--- START ---
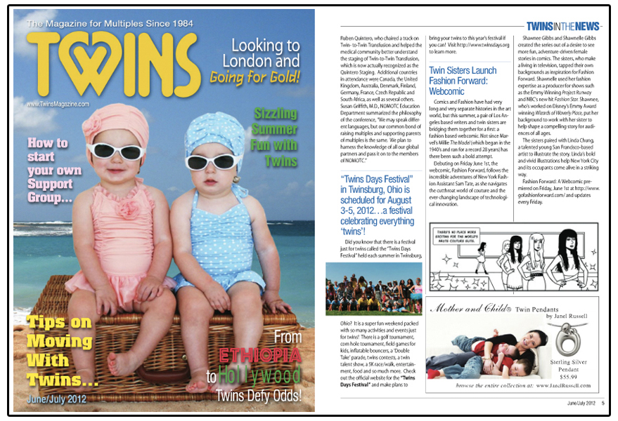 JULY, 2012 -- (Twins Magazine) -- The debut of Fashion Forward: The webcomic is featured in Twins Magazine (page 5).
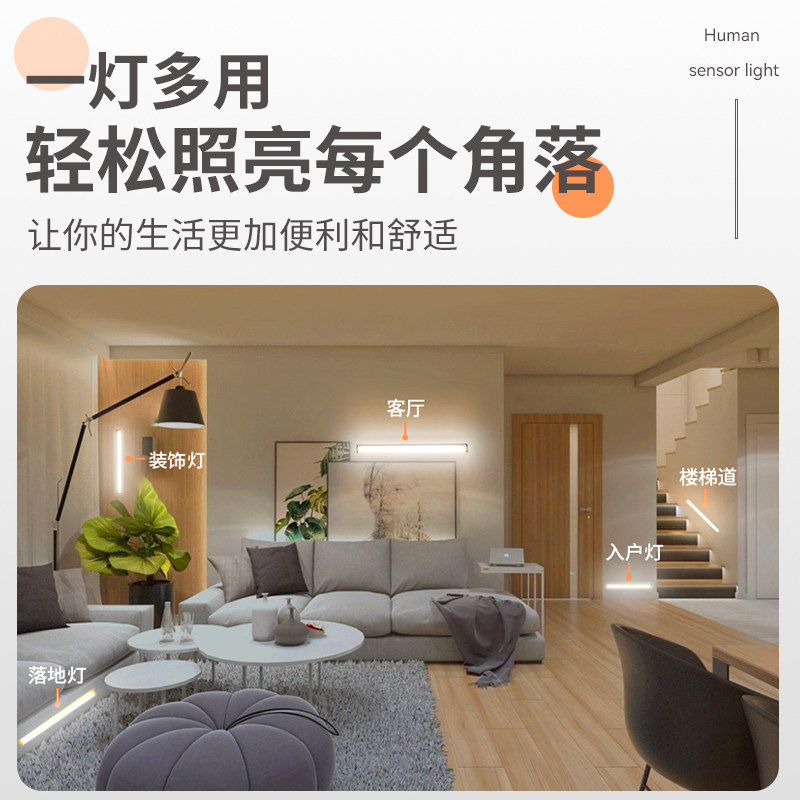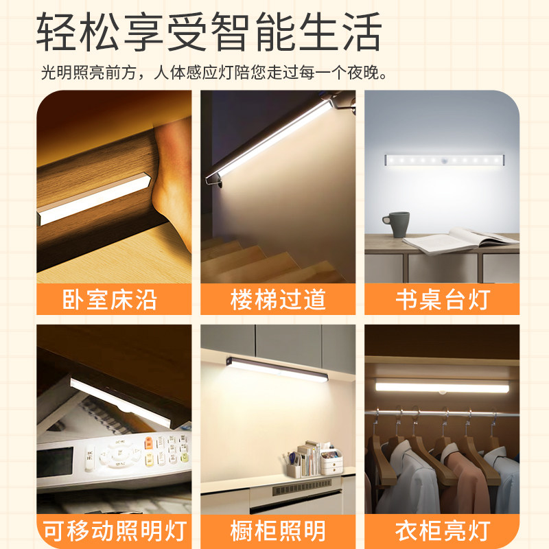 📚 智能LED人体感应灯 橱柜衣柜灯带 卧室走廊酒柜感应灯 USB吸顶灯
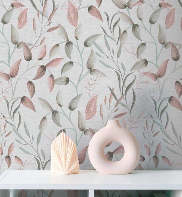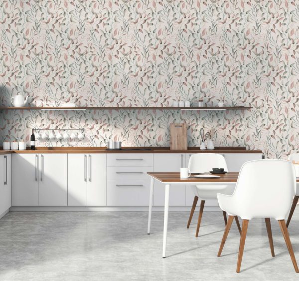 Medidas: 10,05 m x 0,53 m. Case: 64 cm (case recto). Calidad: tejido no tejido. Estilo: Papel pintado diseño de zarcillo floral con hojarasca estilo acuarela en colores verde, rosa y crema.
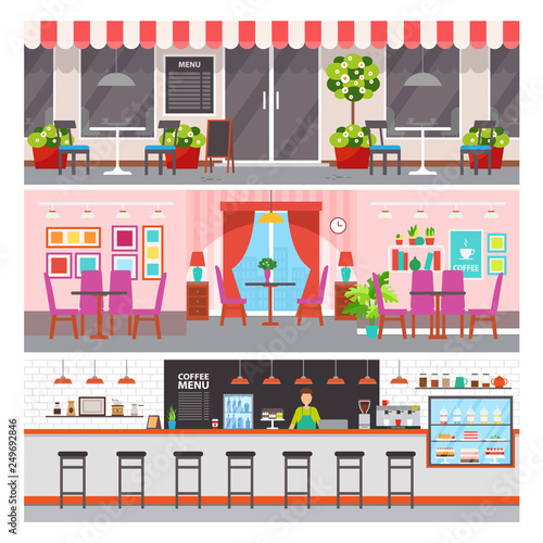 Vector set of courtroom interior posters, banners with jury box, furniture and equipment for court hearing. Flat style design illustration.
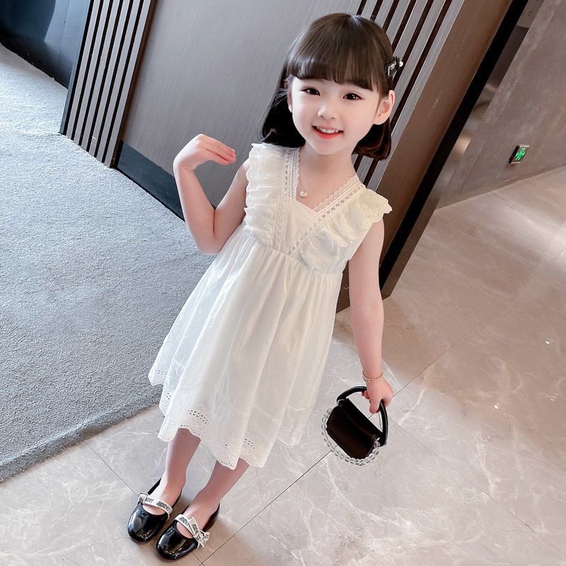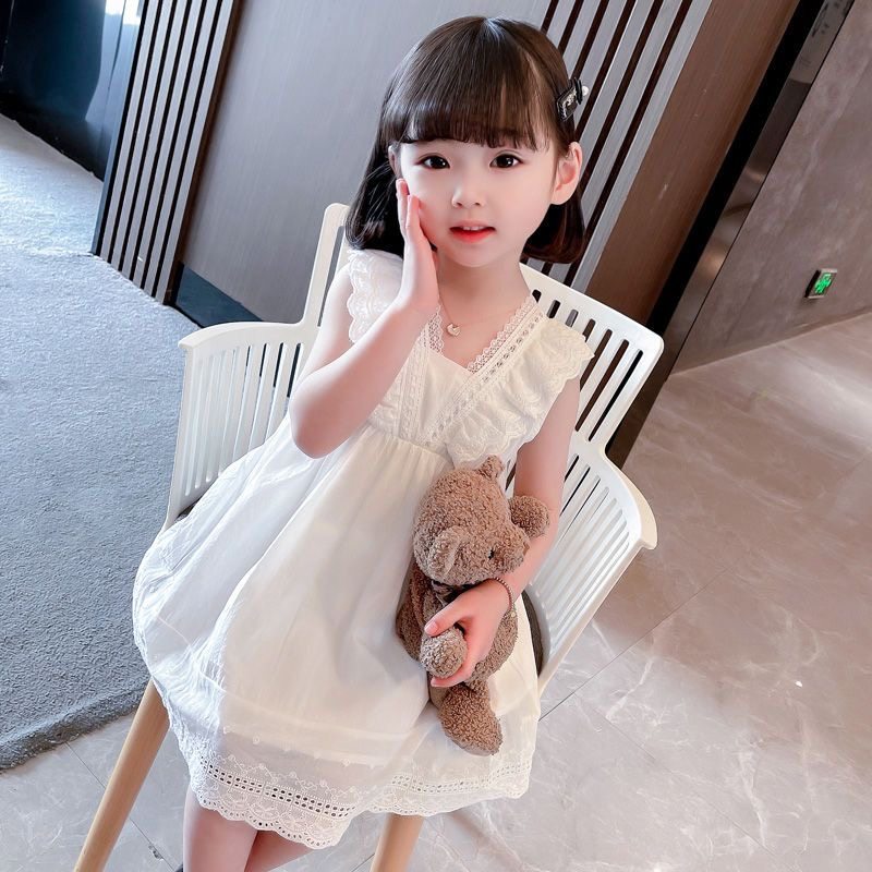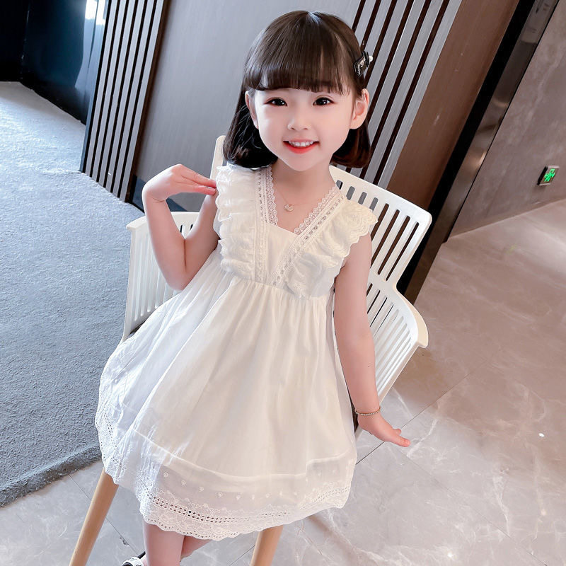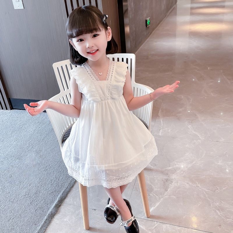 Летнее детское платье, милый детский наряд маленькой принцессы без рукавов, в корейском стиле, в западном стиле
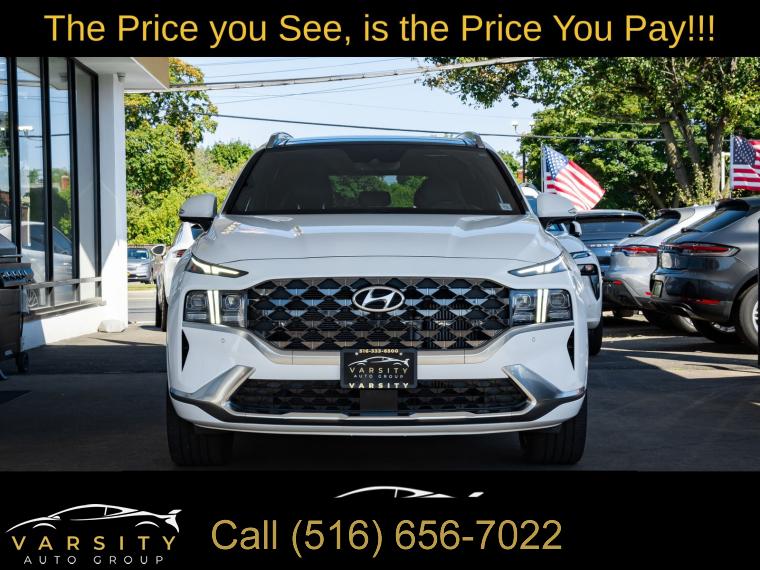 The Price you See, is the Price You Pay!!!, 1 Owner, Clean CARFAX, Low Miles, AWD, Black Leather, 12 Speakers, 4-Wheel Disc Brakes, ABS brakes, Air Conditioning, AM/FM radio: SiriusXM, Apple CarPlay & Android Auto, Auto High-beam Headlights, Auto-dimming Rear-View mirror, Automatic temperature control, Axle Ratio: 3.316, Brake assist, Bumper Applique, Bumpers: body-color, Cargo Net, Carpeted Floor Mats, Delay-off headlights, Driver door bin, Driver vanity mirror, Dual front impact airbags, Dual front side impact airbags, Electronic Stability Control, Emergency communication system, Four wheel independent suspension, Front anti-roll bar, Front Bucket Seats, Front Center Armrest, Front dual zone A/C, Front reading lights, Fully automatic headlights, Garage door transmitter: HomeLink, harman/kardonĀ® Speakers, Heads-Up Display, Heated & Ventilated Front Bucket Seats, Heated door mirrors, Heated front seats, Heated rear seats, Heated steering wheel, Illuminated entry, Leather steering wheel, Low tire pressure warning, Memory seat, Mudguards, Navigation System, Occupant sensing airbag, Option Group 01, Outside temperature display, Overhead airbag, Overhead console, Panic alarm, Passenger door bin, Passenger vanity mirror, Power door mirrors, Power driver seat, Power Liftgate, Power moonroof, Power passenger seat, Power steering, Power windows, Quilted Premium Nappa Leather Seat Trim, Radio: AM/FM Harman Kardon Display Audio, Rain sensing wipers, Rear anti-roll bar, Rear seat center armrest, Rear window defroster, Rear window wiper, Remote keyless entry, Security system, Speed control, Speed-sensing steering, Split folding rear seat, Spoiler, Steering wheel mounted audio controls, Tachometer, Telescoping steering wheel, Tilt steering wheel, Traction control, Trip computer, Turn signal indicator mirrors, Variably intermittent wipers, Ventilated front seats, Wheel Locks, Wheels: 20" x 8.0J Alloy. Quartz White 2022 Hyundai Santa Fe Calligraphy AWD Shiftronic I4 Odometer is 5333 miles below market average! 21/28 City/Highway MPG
--- END ---
§ Task objective
Write all the lines above out again exactly, minus the images.

§ Problem solution
 JULY, 2012 -- (Twins Magazine) -- The debut of Fashion Forward: The webcomic is featured in Twins Magazine (page 5).
 📚 智能LED人体感应灯 橱柜衣柜灯带 卧室走廊酒柜感应灯 USB吸顶灯
 Medidas: 10,05 m x 0,53 m. Case: 64 cm (case recto). Calidad: tejido no tejido. Estilo: Papel pintado diseño de zarcillo floral con hojarasca estilo acuarela en colores verde, rosa y crema.
 Vector set of courtroom interior posters, banners with jury box, furniture and equipment for court hearing. Flat style design illustration.
 Летнее детское платье, милый детский наряд маленькой принцессы без рукавов, в корейском стиле, в западном стиле
 The Price you See, is the Price You Pay!!!, 1 Owner, Clean CARFAX, Low Miles, AWD, Black Leather, 12 Speakers, 4-Wheel Disc Brakes, ABS brakes, Air Conditioning, AM/FM radio: SiriusXM, Apple CarPlay & Android Auto, Auto High-beam Headlights, Auto-dimming Rear-View mirror, Automatic temperature control, Axle Ratio: 3.316, Brake assist, Bumper Applique, Bumpers: body-color, Cargo Net, Carpeted Floor Mats, Delay-off headlights, Driver door bin, Driver vanity mirror, Dual front impact airbags, Dual front side impact airbags, Electronic Stability Control, Emergency communication system, Four wheel independent suspension, Front anti-roll bar, Front Bucket Seats, Front Center Armrest, Front dual zone A/C, Front reading lights, Fully automatic headlights, Garage door transmitter: HomeLink, harman/kardonĀ® Speakers, Heads-Up Display, Heated & Ventilated Front Bucket Seats, Heated door mirrors, Heated front seats, Heated rear seats, Heated steering wheel, Illuminated entry, Leather steering wheel, Low tire pressure warning, Memory seat, Mudguards, Navigation System, Occupant sensing airbag, Option Group 01, Outside temperature display, Overhead airbag, Overhead console, Panic alarm, Passenger door bin, Passenger vanity mirror, Power door mirrors, Power driver seat, Power Liftgate, Power moonroof, Power passenger seat, Power steering, Power windows, Quilted Premium Nappa Leather Seat Trim, Radio: AM/FM Harman Kardon Display Audio, Rain sensing wipers, Rear anti-roll bar, Rear seat center armrest, Rear window defroster, Rear window wiper, Remote keyless entry, Security system, Speed control, Speed-sensing steering, Split folding rear seat, Spoiler, Steering wheel mounted audio controls, Tachometer, Telescoping steering wheel, Tilt steering wheel, Traction control, Trip computer, Turn signal indicator mirrors, Variably intermittent wipers, Ventilated front seats, Wheel Locks, Wheels: 20" x 8.0J Alloy. Quartz White 2022 Hyundai Santa Fe Calligraphy AWD Shiftronic I4 Odometer is 5333 miles below market average! 21/28 City/Highway MPG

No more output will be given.